Son rapport au christianisme lui-même se veut sans doute trop naïf pour ne pas dissimuler
bien des doutes.
Il me semble que ce qu’il écrit de la peinture, qui n’est pas un art de la reproduction (on lui
préférerait la photo), « mais un jet de lumière unique, une concentration de rayons avisés sur les
étonnantes profondeurs de la réalité quotidienne », peut s’appliquer à la poésie. Il parle du
quotidien, mais ce quotidien est pour le moins troublant et formidablement riche.
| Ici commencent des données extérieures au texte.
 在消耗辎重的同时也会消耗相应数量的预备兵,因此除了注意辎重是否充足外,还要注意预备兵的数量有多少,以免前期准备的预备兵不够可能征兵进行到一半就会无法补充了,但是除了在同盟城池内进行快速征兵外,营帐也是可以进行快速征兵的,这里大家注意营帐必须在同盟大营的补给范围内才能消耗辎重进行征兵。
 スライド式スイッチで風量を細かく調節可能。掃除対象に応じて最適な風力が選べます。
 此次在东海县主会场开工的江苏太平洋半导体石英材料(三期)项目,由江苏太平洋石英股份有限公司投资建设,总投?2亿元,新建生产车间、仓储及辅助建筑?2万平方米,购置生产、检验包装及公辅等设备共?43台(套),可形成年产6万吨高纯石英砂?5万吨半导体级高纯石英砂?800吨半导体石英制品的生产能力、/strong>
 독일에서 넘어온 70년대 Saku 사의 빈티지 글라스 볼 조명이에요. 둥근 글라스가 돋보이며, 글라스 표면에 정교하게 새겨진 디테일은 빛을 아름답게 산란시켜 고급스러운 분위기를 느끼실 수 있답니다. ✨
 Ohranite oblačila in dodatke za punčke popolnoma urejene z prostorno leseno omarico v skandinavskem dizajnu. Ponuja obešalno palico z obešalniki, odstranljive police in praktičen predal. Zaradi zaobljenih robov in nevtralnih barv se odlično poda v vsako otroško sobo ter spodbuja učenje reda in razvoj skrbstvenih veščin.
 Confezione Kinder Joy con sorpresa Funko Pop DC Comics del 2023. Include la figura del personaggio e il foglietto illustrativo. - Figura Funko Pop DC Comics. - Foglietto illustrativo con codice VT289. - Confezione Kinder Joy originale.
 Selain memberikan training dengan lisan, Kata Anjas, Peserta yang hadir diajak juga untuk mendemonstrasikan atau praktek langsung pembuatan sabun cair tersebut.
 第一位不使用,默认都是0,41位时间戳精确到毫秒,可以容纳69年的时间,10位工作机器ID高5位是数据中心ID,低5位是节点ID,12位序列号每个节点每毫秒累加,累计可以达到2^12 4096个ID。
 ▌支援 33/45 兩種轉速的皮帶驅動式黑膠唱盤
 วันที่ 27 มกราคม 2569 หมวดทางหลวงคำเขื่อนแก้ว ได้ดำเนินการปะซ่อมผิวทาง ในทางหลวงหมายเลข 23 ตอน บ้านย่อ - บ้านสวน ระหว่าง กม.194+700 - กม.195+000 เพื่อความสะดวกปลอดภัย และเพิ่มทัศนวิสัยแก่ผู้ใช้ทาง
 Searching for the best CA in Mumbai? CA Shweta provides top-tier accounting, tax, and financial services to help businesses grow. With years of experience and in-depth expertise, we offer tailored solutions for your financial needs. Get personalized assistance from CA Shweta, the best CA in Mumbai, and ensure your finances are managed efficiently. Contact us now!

J’aime par-dessus tout ce qu’il a dit de son ami Lucien Becker : « Becker n'a pas construit
son œuvre dans un souci de plaire, mais dans celui de se mériter lui-même. » Il définit ainsi
magistralement le rapport entre le poète et l’écriture, loin de toute démagogie, mais il énonce
surtout une vérité qui le concerne au premier chef : c’est par la poésie que Cadou s’est accompli.